Work to be completed: Search the records for the word "with" and copy each line in which it appears.

Recorded information:
──────────
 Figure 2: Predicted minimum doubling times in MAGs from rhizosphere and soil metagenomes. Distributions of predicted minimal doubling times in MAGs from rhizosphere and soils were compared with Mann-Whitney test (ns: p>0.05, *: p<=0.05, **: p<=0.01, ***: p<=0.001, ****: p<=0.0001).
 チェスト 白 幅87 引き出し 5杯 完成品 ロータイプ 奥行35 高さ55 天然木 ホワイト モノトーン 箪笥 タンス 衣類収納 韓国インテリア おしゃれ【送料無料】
──────────
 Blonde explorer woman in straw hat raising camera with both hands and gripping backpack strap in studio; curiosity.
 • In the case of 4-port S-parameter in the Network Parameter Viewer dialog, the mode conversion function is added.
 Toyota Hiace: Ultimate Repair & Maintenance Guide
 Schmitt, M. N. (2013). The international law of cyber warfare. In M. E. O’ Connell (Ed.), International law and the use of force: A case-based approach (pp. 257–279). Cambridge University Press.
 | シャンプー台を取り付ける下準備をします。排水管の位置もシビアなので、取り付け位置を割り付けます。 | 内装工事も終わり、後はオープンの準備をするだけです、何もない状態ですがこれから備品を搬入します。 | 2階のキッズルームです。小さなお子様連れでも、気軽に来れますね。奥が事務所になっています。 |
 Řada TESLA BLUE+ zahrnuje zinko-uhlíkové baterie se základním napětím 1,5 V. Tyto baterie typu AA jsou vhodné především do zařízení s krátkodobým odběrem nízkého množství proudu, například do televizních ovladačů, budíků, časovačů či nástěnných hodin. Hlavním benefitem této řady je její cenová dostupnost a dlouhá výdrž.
──────────
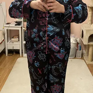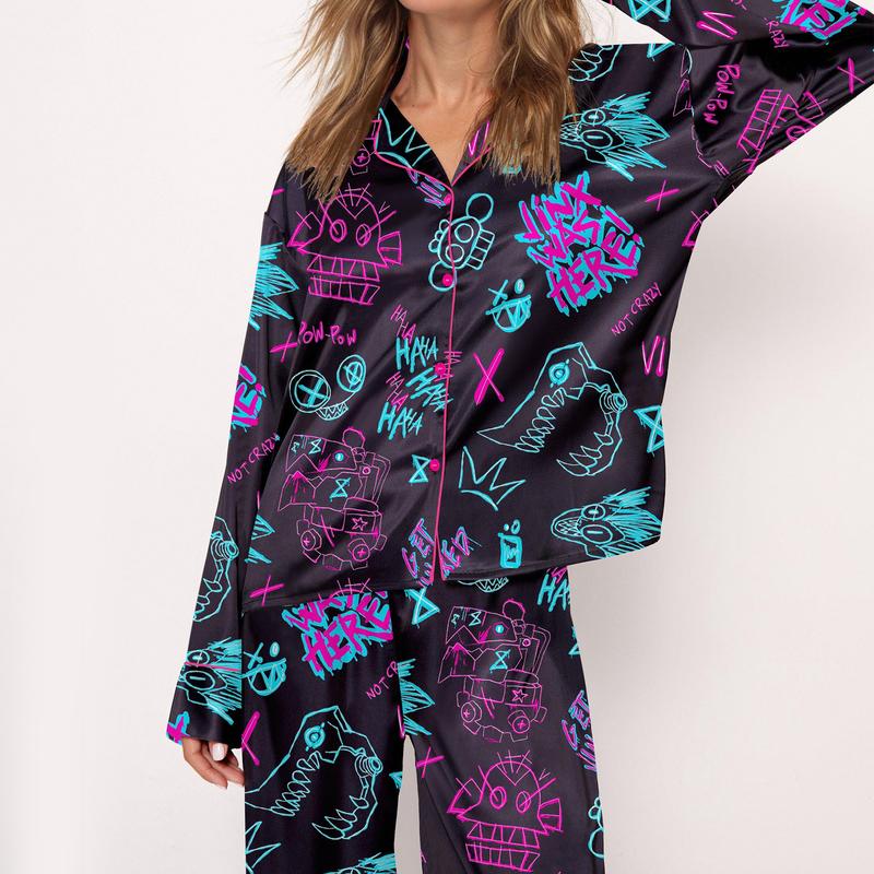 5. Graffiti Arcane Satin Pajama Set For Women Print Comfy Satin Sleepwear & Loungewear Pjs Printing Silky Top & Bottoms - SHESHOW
──────────
Solution:
 Figure 2: Predicted minimum doubling times in MAGs from rhizosphere and soil metagenomes. Distributions of predicted minimal doubling times in MAGs from rhizosphere and soils were compared with Mann-Whitney test (ns: p>0.05, *: p<=0.05, **: p<=0.01, ***: p<=0.001, ****: p<=0.0001).
 Blonde explorer woman in straw hat raising camera with both hands and gripping backpack strap in studio; curiosity.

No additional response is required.